Bir işgal girişiminin ardından referanduma gidiyoruz...

Asla unutulmaması gereken: Bu topraklar 15 Temmuz gecesi işgal edilmeye çalışıldı!

Kemalizm üzerinden Müslüman Anadolu halkının zihinlerini işgal eden Batı ne oldu da 100 yıl sonra, bu sefer Fethullahçı Terör Örgütü (FETÖ)’nü kullanarak fiilî bir işgale yeltendi?

Evet, ne oldu, neler oluyor?

Gezi ayaklanması, 17-25 Aralık kumpasları, kazılan hendekler…

Bunların yanında, Müslüman Anadolu halkının iktidarına karşı yapılan onlarca desîse; çoğunu unuttuk…

Hepsini unutabiliriz ama unutmamız gereken tarih 15 Temmuz’dur!

Meşhûr asker filminden mülhem: Unutursan, ölürsün!

Unutursan, esir olursun!

Unutursan, izzetin gider!

Unutursan, namusuna namahrem eli değer!

Unutma, düşman uyumaz!

Unutma, düşman sana senin benzerinle gelir!

Nasip olursa 16 Nisan’da Türkiye’de yeni sistemle ilgili rey vereceğiz. “Cumhurbaşkanlığı sistemi”nin kabulü veya reddine yönelik referandum sadece Türk halkını ilgilendirmesi gerekirken Batı’daki bu telâş aceb nedendir?

Evet, ne oldu, neler oluyor?

Batı medyası her gün attığı Türkçe manşetlerle neyin alarmını veriyor?

Bir kez daha düşünelim, 15 Temmuz’da Müslüman Anadolu toprakları neden işgal edilmek istendi?

15 Temmuz’da halkın işgalciyi çıplak elle püskürtmesi neden küçük bir adımmış gibi gösterilmek isteniyor; “Kontrollü” denilerek yapılmak istenen ne?

Hulâsa, Hak ve halk düşmanlarının korkusu ne?

“Türkiye Türklere bırakılamayacak kadar önemlidir” dedirtenler Türkiye’nin ellerinden kayışını çaresizce izliyorlar.
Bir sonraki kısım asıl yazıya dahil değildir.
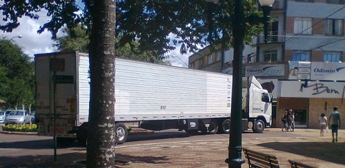 "Embora a Lei nº 2.882/2012 proíba o tráfego de caminhões de carga superior a 10 toneladas no perímetro central, flagrei essa imensa carreta circulando e atrapalhando o trânsito na av. Capitão Índio Bandeira com a tua Brasil. A inserção de placas proibitivas, conforme previsto no art. 4º da mesma lei, poderia evitar esse transtorno". Profª Vilma - vereadora
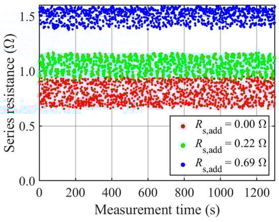 The aging of the examined PV module was emulated by connecting additional resistors in series with the PV module and fitting the single-diode model to the I–U curves measured thereafter. The additional resistors used in the present study had sizes of 0.22 and 0.69 Ω. For the PV module with and without the additional series resistors, high-irradiance measurement periods of 1300 s were chosen for the investigation, i.e., 1300 I–U curves were measured at a sampling frequency of 1 Hz. Figure 19 shows the fitted series resistance values as a function of measurement time when the fitting was performed for the entirely measured curves consisting of 100 representative points. Figure 20 and Figure 21 show the series resistance values when using the cutting limits of 50% and 20% of PMPP, respectively. The corresponding statistical quantities of the fitted series resistance during the measurement period of 1300 s are reported in Table 5.
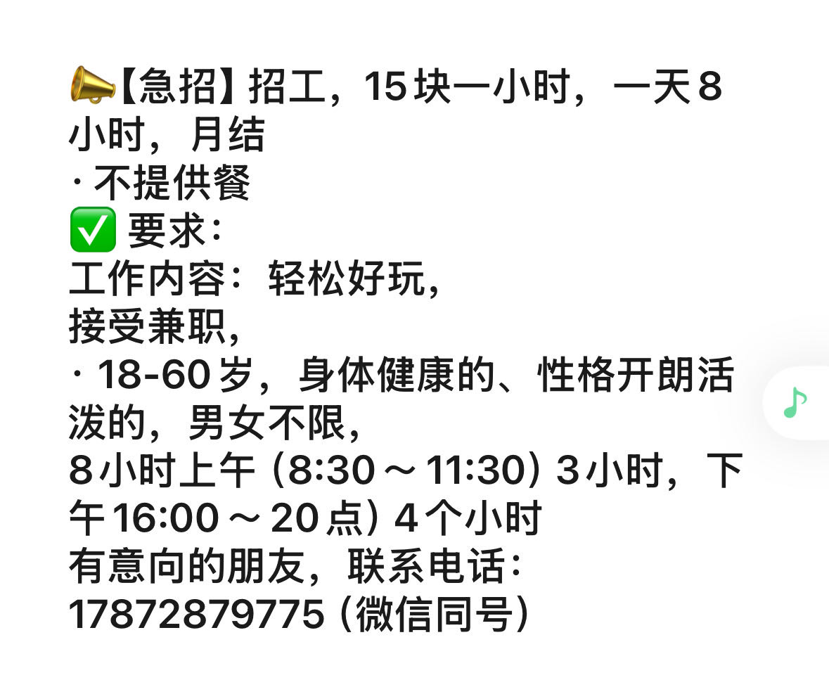 📣【急招】招工,15块一小时,**8小时,月结

Yıllardır istediklerini yaptırdıkları Anadolu topraklarında bu saatten sonra sözlerinin geçmeyeceğini biliyorlar. Müslüman Anadolu halkının 100 yıldır, her türlü melanete karşı sabırla ektiği tohumlar meyve vermeye başladı.

15 Temmuz bir halk ihtilâlidir. Bu ihtilâlin devamı mahiyetinde atılan adımlar inşaallah bir daha eskiye dönüşü engelleyecektir. Batı’nın Kemalizm ve FETÖ gibi yapılanmalar üzerinden hâkimiyet kurması imkânsız hâle getirilecektir.
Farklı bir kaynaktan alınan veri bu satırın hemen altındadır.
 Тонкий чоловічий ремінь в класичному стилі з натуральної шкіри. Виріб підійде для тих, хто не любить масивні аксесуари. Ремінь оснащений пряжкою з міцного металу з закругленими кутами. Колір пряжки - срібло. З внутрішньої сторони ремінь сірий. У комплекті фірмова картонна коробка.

Hususiyetle genç kardeşlerime, akranlarıma sesleniyorum. Yazının başından beri sorduğum oldukça ‘basit’ soruları düşünüp sandık başında öyle karar veriniz.

İdraklerimizi iğdiş edenlerle hesaplaşmanın başlamasına “Evet” diyorsanız, mührü nereye basacağınızı da biliyorsunuzdur!

Vesselâm!..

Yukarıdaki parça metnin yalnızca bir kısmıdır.